Reporting of Conflicts of Interest

Publishing of scientific literature has focused on self-reporting of financial, personal, and professional conflicts of interests. Scientific publishers have relied on self-reporting systems which are used almost universally. There have been conflict reporting standards suggested by the International Committee of Medical Journal Editors [22], but their utilization varies throughout biomedical journals and this is reliant upon an author’s understanding of what constitutes a conflict of interest. Multiple studies have shown large discrepancies between reported financial conflicts of interest and publicly disclosed financial ties between researchers and industrial sponsors [6, 7].

An example of one program which aims to prevent discrepancies when submitting research is the conflict-of-interest reporting system developed by The American Academy of Orthopedic Surgery (AAOS). AAOS developed an electronic disclosure program in 2007 and has established a comprehensive conflict-of-interest disclosure form which is mandatory for individuals involved in editorial or organization activities, as well as members submitting to the annual meeting or publishing in the Journal of the American Academy of Orthopedic Surgery. This model for centralization of conflicts of interest helps to streamline the conflict-of-interest reporting process and can prevent errors of omission. This system has been shown to have a large number of discrepancies when compared to the CMS Open Payments Database and other publicly available information [23, 24], and could be improved upon to further streamline the process of disclosure and increase disclosure accuracy.

Failure to disclose financial or personal conflicts of interest, even those that may not influence the results of scientific works overtly or occur intentionally, represents a breach of the trust between the public, scientific publishers, and researchers. There is a growing need for a more systematic approach to nonfinancial and financial conflict of interest to ensure that published work is as free of bias as possible [25]. In cases where human subjects have been injured or other controversies have occurred, including research being overturned by further investigations, there may be an assumption that the conflicts of interest which were not disclosed led to deficiencies in study design or reporting.

Almost all US academic institutions require internal disclosure of financial and personal relationships which might constitute a conflict of interest due to federal regulations requiring this internal monitoring for grant funding. These comprehensive internal disclosures may also benefit from cross-referencing with publicly available databases, which could be further used to streamline reporting during publication.
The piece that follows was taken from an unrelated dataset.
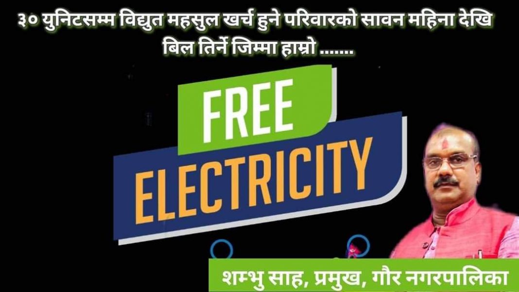 निशुल्क विद्युत योजनाको लाभ लिन २०७९ आषाढ मसान्तसम्मको बिल भुक्तानी गरेको हुनु पर्नेछ | ३० युनिट भन्दा बढी खपत हुने सेवाग्रहीको हकमा यो सहुलियत तत्काल लागु नहुने नगरपालिकाले जनाएकाे छ | यो सुविधा लिन साउन महिनाको विललाई मिटर रिडिंग भए लगतै सम्बंधित वडा कार्यालय वा गौर नगरपालिकामा जम्मा गराउन गौर नगरपालिकाले अनुरोध गरेकाे छ । जनताकाे आवश्यकतालाई महसुस गर्दै नगर प्रमुख साहले गरेकाे यस्ता किसिमकाे घाेषणाकाे चाैतर्फी प्रशंसा हुँदै छ । साथै नगरमा खुशियाली छाएको छ ।

To our knowledge, this has not been implemented on a large scale at either academic institutions or in medical journals, both of which rely on self-reporting of all conflicts.

Fact Box

  • Scientific publishers predominantly rely on self-reporting systems for disclosing financial, personal, and professional conflicts of interest, leading to discrepancies between reported conflicts and publicly disclosed financial ties.

  • Programs like the conflict-of-interest reporting system by AAOS aim to streamline conflict-of-interest reporting but may still have significant discrepancies compared to publicly available databases, highlighting the need for improved accuracy and transparency.

  • There is a growing need for a systematic approach to both financial and nonfinancial conflicts of interest to ensure published work is free of bias, with potential benefits from cross-referencing internal disclosures with publicly available databases to enhance accuracy and streamline reporting.

Conclusions

Conflicts of interest arise when there are divergent interests in various stakeholders surrounding biomedical research. There is wide variation in the accuracy of self-reported financial disclosures in orthopedics which places public trust in orthopedic research at risk.